17 comments on “Part 2: Building a AIY Vision Kit Web Server with UV4L

  1. Hi,

    I’m running into an error when trying to run the server.py script:

    (env) pi@raspberrypi:~/AIY-projects-python $ sudo ../../../../env/bin/python3 server.py

    Traceback (most recent call last):
    File “server.py”, line 15, in
    from aiy.vision.leds import Leds
    ImportError: No module named ‘aiy.vision.leds’

    It’s not able to find this module. Is there a step I’m missing somewhere?

    Thanks
    Rachel

    • Do you know what aiy image you loaded? It looks like you are on an older one. They removed the virtual environment and changed some of the library references, including the LEDs. You should download and reflash your SD card with the latest image that has some improvements over the previous ones: https://dl.google.com/dl/aiyprojects/aiyprojects-latest.img.xz

      My code is working with aiyprojects-2018-02-21.img.xz.

      The old source under the virtual environment use to be:
      aiy._drivers._rgbled import PrivacyLED

      That module just illuminates the privacy LED, so worst case you can comment it out if that is the only thing that is giving you trouble and you don’t care about the light.

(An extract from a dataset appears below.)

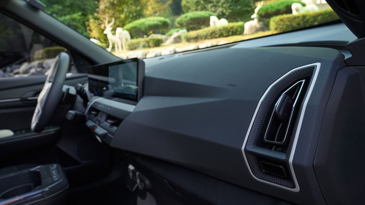 Le poste de conduite intègre trois écrans : un combiné d’instrumentation de 12,3 pouces, un écran central d’infodivertissement de 12,3 pouces et un écran dédié à la climatisation de 5,3 pouces. Sept airbags équipent le véhicule de série. La capacité de chargement s’établit à 566 litres derrière la banquette arrière, extensible à 1 650 litres sièges rabattus. Un coffre avant de 44,4 litres complète les espaces de rangement.

  2. I’ve been unable to find any documentation the face object and its methods and attributes (such as joy_score). could you point me in the right direction?

    • The AIY team has not published any docs on this that I know of. I learned enough for my projects just by reviewing their code samples in the repo and looking for related comments in their the repo’s issues section. Most of the samples have a good amount of comments in the code.

  3. Hi!
    Great project! This was a smooth ride so far!
    Any idea how I could go about adding a layer of security, like a login and password page before accessing the stream?
    I would like to set it up as a security camera.
    Also, I notice that only 1 device can access the stream with the setup in part 1. Do you have any pointers as to how to overcome that?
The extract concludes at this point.